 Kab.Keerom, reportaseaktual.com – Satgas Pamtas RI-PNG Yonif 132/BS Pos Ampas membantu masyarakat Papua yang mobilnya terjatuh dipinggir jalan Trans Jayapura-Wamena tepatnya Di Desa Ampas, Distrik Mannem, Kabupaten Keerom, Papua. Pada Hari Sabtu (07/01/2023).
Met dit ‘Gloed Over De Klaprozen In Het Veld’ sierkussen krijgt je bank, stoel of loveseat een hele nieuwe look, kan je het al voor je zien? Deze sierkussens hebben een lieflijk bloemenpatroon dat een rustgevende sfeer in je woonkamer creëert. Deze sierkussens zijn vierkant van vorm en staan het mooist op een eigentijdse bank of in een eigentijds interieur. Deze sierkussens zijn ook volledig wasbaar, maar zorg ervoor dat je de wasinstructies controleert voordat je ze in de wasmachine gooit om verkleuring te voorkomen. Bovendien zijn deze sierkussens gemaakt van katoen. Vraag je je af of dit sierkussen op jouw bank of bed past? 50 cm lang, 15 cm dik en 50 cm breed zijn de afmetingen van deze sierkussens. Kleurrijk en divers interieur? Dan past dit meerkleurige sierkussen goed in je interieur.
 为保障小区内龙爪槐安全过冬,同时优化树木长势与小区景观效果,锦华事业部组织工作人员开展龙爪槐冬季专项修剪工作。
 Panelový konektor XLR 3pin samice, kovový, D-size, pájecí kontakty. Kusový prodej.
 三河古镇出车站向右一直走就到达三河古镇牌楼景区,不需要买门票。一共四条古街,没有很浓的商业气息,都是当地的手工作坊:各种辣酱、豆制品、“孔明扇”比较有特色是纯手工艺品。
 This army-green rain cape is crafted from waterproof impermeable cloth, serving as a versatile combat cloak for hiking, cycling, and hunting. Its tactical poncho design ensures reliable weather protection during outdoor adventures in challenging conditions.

* * *

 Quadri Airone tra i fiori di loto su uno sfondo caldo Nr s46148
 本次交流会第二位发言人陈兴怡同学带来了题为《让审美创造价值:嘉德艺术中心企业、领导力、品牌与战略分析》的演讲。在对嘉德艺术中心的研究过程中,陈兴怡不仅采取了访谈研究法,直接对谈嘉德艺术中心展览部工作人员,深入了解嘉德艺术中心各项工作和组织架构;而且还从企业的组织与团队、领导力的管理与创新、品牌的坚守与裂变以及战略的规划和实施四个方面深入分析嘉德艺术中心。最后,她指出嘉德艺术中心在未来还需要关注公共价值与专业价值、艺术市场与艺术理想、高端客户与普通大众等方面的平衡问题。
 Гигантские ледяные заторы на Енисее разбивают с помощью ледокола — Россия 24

• EXERCISE PROMPT
Of all the entries above, retype exactly the lines from the line with "三河古镇出车站向右一直走就到" to the line with "This army-green rain", both included, and no others.

• RESULT OF THE EXERCISE
 三河古镇出车站向右一直走就到达三河古镇牌楼景区,不需要买门票。一共四条古街,没有很浓的商业气息,都是当地的手工作坊:各种辣酱、豆制品、“孔明扇”比较有特色是纯手工艺品。
 This army-green rain cape is crafted from waterproof impermeable cloth, serving as a versatile combat cloak for hiking, cycling, and hunting. Its tactical poncho design ensures reliable weather protection during outdoor adventures in challenging conditions.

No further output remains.